Sensitivity experiment of WRF wind speed to surface roughness length for the coastal areas of Japan 

first

With the spread of offshore wind power generation, the importance of highly accurate wind information is increasing. This study examines the effect of surface roughness length on wind speed estimation by the meso-meteorological model WRF (Weather Research and Forecasting model). Specifically, based on wind observation data at two locations, Mutsu Ogawara (Aomori Prefecture) and Hasaki Pier (Ibaraki Prefecture), the study examines the known problem of the tendency for wind speed to be overestimated during land breezes due to differences in roughness length.²⁾We evaluated the extent to which it would improve the 

Roughness length is an index that represents the friction characteristics of the earth's surface, and has a significant impact on the accuracy of surface wind speed.¹⁾The WRF simulation used to develop this model used initial roughness lengths based on land use data from the USGS (United States Geological Survey). In this study, we used roughness lengths from the Japan Meteorological Agency's Non-Hydrostatic Model (NHM), with some modifications, to obtain more accurate results. 

method 

In this study, we compared Doppler lidar observation data with WRF simulations and performed a sensitivity analysis using two roughness length settings (USGS and JMA). Table 2 shows a summary of the wind observations. 

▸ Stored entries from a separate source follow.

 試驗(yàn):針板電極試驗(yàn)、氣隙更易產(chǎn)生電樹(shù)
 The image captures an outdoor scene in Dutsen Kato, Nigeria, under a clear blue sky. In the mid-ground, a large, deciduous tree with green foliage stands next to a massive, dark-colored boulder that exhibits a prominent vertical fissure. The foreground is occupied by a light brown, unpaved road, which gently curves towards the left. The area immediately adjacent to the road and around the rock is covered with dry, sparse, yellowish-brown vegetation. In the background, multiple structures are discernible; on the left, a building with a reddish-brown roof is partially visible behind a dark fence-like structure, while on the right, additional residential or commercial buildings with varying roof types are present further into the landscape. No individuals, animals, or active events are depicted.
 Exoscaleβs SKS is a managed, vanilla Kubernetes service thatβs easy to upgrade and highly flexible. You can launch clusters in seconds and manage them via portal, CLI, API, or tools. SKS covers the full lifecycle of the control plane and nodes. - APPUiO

Site	Mutsu Ogawara	Hasaki Pier
Measurement model	DIABREZZA	Windcube V1
During the trial period	2017 / 06-2018 / 05	2015 / 10-2016 / 09
Observation altitude	58–254m (5m intervals)	47-207m (20m intervals)

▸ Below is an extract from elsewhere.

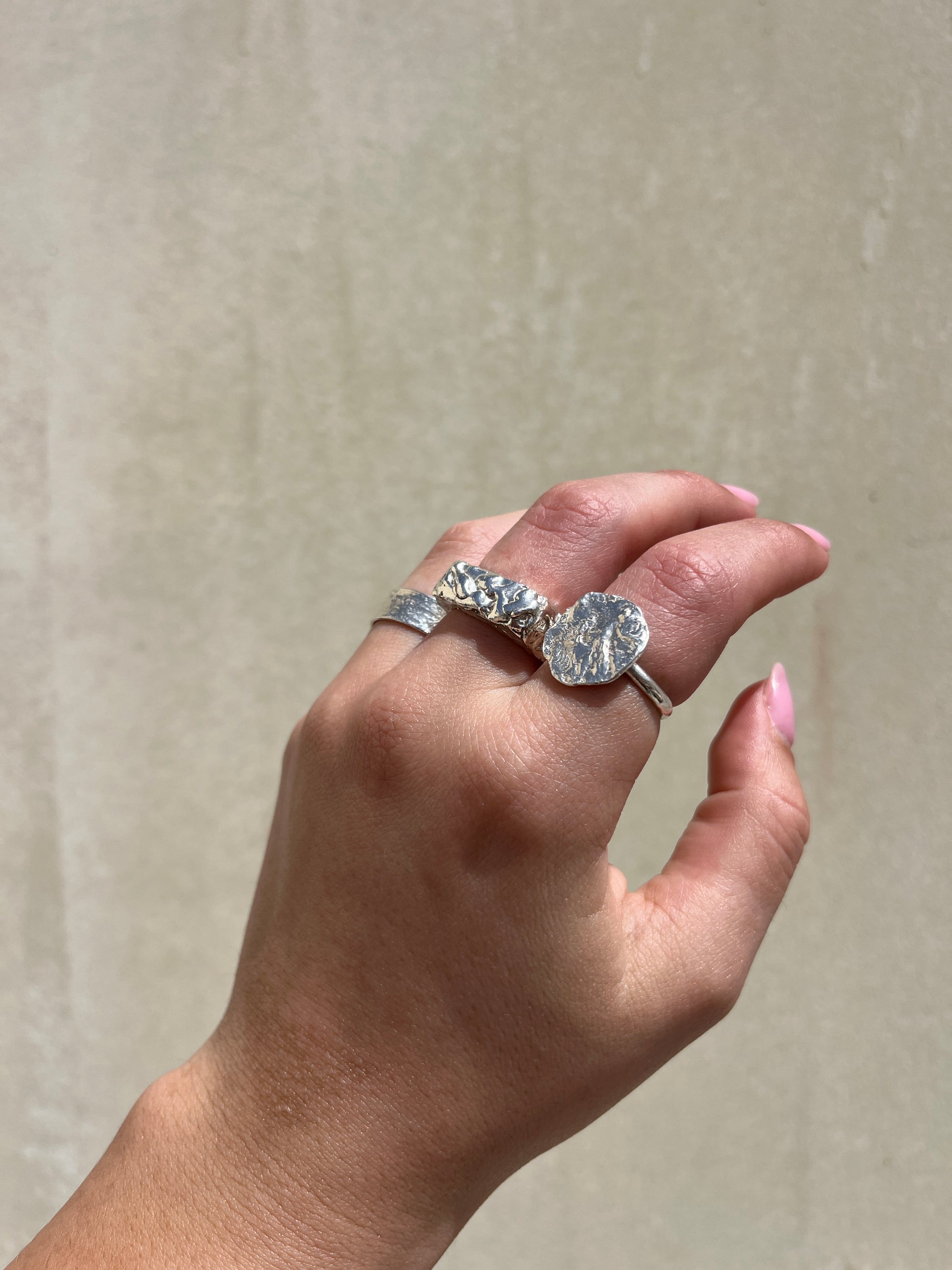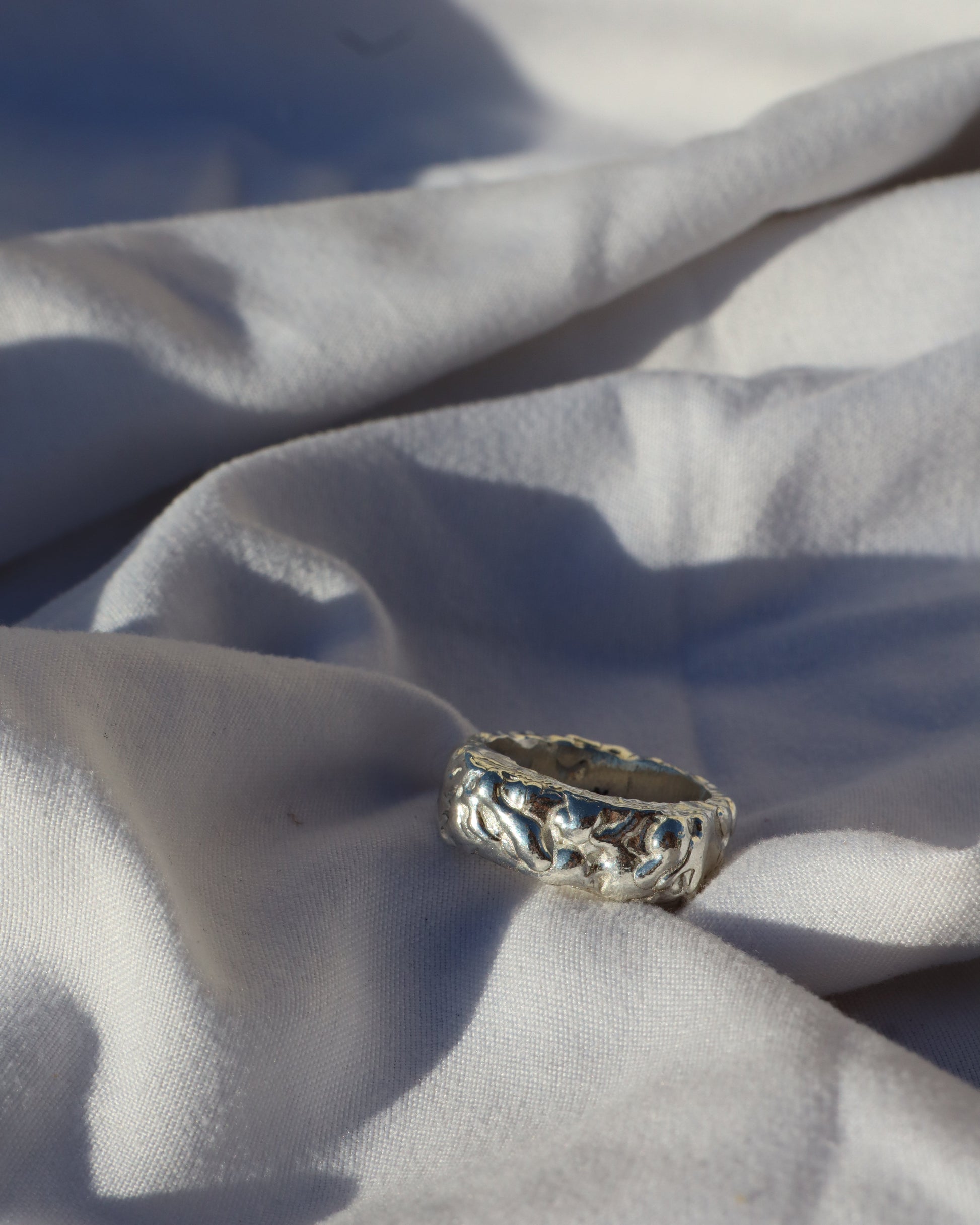 טבעת חותם צ'אנקית בטקסטורת טפטופים וכסף שרוף

This time, we performed a WRF simulation with a 500m resolution computational domain, referring to NeoWins etc. Figure 1 shows the WRF computational domain. 

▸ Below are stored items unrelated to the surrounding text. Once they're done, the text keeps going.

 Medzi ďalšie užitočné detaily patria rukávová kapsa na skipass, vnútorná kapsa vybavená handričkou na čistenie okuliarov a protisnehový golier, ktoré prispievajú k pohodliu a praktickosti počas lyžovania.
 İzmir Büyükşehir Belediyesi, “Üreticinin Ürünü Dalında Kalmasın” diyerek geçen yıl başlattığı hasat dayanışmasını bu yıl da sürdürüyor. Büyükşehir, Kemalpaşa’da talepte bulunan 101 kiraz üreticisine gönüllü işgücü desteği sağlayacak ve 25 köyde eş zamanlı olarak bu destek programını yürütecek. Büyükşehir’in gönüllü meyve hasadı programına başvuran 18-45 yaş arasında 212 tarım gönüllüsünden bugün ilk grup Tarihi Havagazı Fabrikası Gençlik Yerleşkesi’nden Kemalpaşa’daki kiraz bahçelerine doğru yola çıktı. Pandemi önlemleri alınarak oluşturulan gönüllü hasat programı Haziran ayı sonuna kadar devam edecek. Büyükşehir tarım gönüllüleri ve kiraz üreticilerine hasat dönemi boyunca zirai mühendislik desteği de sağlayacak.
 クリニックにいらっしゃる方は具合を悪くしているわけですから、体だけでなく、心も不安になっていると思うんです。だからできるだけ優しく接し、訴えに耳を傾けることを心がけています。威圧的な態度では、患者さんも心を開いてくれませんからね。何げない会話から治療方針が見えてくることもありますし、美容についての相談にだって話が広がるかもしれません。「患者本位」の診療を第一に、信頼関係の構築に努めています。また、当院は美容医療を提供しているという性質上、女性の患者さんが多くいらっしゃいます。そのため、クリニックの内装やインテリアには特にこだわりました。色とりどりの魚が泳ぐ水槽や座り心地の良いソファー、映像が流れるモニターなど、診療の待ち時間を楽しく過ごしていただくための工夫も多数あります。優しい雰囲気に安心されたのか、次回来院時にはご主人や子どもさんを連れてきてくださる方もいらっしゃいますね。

For the WRF simulation, the following two cases were compared. 

• WRF-CTRL: Case using roughness length based on 24 types of land use from USGS 
• WRF-JMA: Based on WRF-CTRL, with only roughness length based on NHM settings (some modifications made). 

In this study, we selected a case where atmospheric stability was neutral and examined the error trend of WRF wind speed due to dynamic factors (roughness length). 

Results and Discussion 

Table 2 shows the average error of WRF wind speeds at Mutsu Ogawara and Hasaki Pier during atmospheric neutral and land breeze conditions. The conventional settings (WRF-CTRL) showed a tendency to overestimate wind speeds during land breeze conditions. On the other hand, by using the WRF-JMA settings, the overestimation during land breeze conditions was significantly improved.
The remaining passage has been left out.